あらすじ・内容紹介
人間の喜怒哀楽を伝える「共感の装置」として。
7世紀初めの飛鳥時代から8世紀半ばの奈良時代までの130年間の歌、およそ4500首が収められた『万葉集』。天皇や貴族、官僚のほか、防人や東国の農民など庶民の歌も含まれている日本最古の歌集である。
その文学作品としての評価や歴史的価値は高く、意義は深い。しかし、今回はそこではなく、コミュニケーションとしての歌の存在や役割に焦点をあてて解説。
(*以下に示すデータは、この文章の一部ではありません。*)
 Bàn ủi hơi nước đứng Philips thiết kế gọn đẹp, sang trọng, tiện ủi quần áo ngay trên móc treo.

万葉の時代の人びとは、四季の自然の美しさ、恋心、寂しさや笑いなど、様々な思いを歌で交換し、共有しながら暮らしていた。そして文字が普及すると、人びとはアルバムのように家ごとに歌集を作り、思いを記憶に留めようとした。『万葉集』の編纂者である大伴家持は、それらを集めて年代やテーマごとに分類、大部の歌集にしたのだった。収められた歌は、もともと口承で歌い継がれてきたもの。つまり、人と人とをつなぐコミュニケーションツールという側面を持っており、そこには現代の「写メ」やSNSと共通する特徴を見て取ることができるのだ。
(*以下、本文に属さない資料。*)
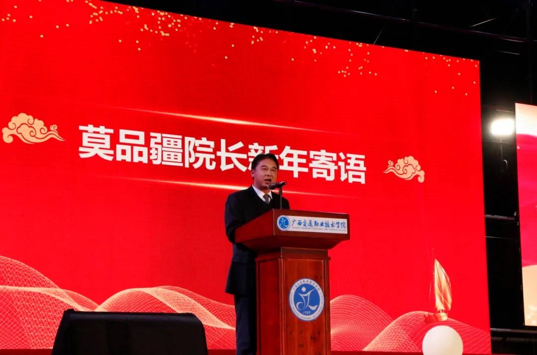 晚会伊始,学院举行了简短且庄重的纪念毛泽东同志诞辰130周年仪式并由学院领导班子成员朗诵毛泽东同志的诗词以表达缅怀之情。随后,莫品疆院长代表学院致辞,他首先向路桥学院全体师生致以诚挚的问候和新年的祝福,并向一年来辛勤工作的教师表示衷心的感谢。莫品疆院长回顾总结了一年来学院在党建、教学、科研、学生工作等方面取得的成绩,并勉励全体师生心中有家国天下、眼底揽万千气象、笔下写纵横乾坤,在新的一年里扬起创新的风帆,荡起智慧的双桨,迎着朝阳,向着“国家双高”、“职业本科”,扬帆起航。

番組とテキストでは、古代の人びとが歌でどのようなコミュニケーションをとっていたかを、それぞれの歌が詠まれた場所や状況、歌を送る相手との関係など、個別の在りようを具体的に見ていきながら、そこに込めた思いをいまの感覚をもって探ってゆく。綴られた心情や感性を明らかにしながら、スマホで育った世代とも変わらない、日本人ならではの表現の面白さを見出してゆく。